**DATA SEGMENT**
--- START ---

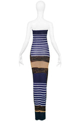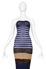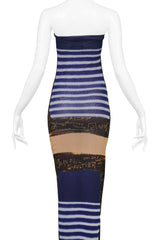 Resurrection Vintage is excited to offer a vintage Jean Paul Gaultier strapless dress featuring iconic French nautical stripes, signature print, mesh fabric, and body-con fit. From the 2001 collection.
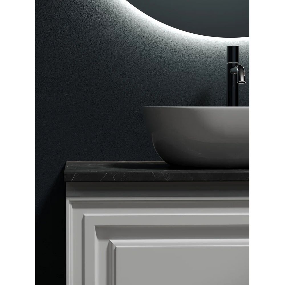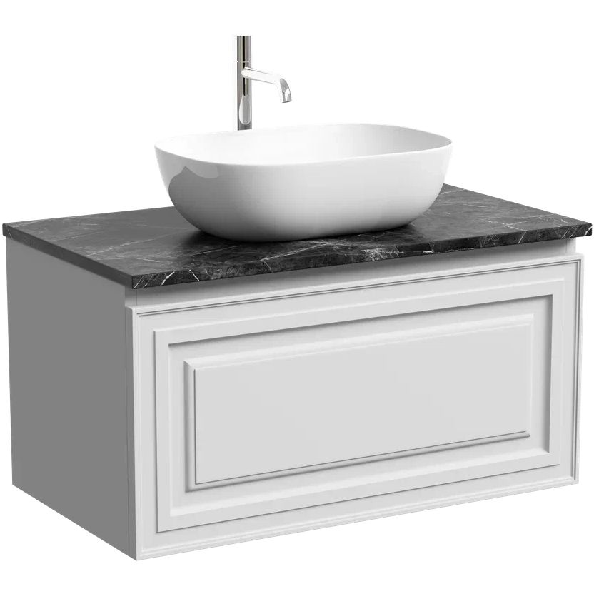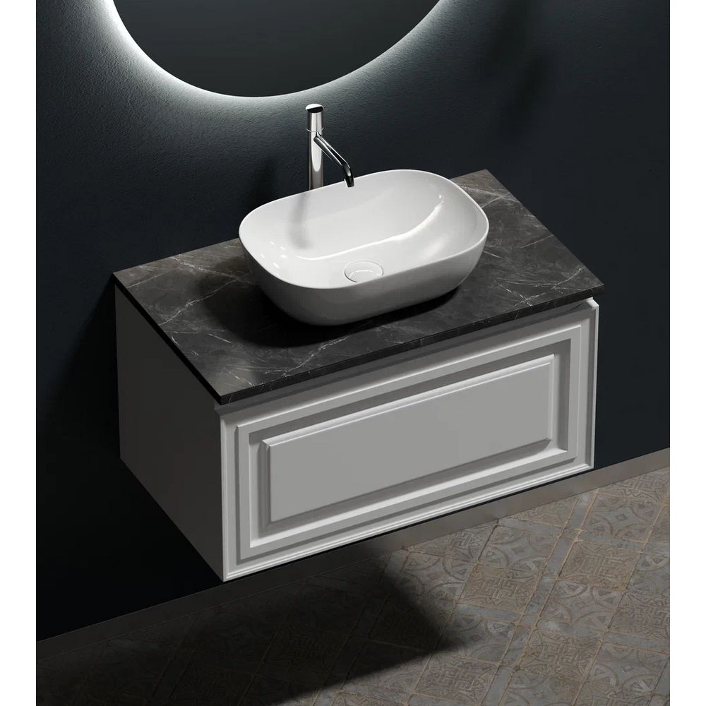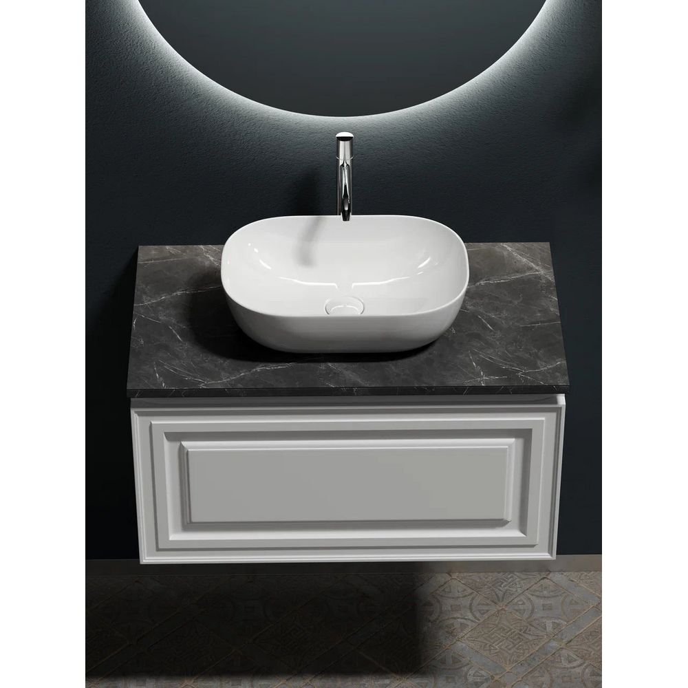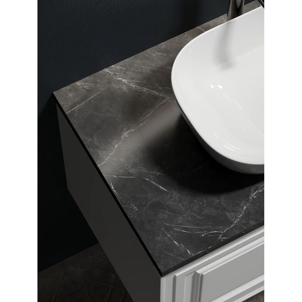 Столешница Sancos в черном мраморе, размером 80x46x2.1 см, выполнена из керамогранита, что обеспечивает ей прочность и элегантный вид. Она оснащена одним готовым отверстием для смесителя и поставляется без кронштейнов.
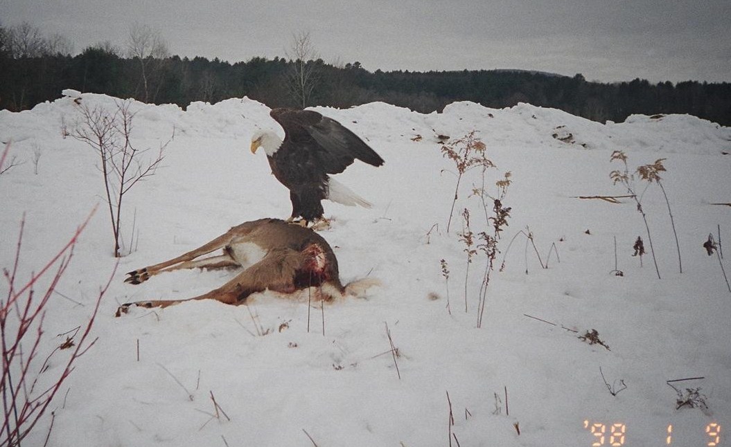 This time of year, it's pretty common to see the deer ribs sticking up in the bare fields near the roads. I'd guess any deer killed near a river might now get a bald visitor.
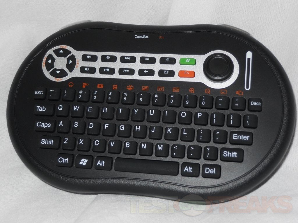 So here’s the keyboard itself, it’s small and it reminds me of a gamepad actually. At the top on the right is a joystick that controls the mouse, to the right of that is a touch sensitive slider for scrolling.

--- END ---

**ASSIGNED TASK**
Output each line exactly as shown above; no pictures go in the copy.

**RESPONSE AREA**
 Resurrection Vintage is excited to offer a vintage Jean Paul Gaultier strapless dress featuring iconic French nautical stripes, signature print, mesh fabric, and body-con fit. From the 2001 collection.
 Столешница Sancos в черном мраморе, размером 80x46x2.1 см, выполнена из керамогранита, что обеспечивает ей прочность и элегантный вид. Она оснащена одним готовым отверстием для смесителя и поставляется без кронштейнов.
 This time of year, it's pretty common to see the deer ribs sticking up in the bare fields near the roads. I'd guess any deer killed near a river might now get a bald visitor.
 So here’s the keyboard itself, it’s small and it reminds me of a gamepad actually. At the top on the right is a joystick that controls the mouse, to the right of that is a touch sensitive slider for scrolling.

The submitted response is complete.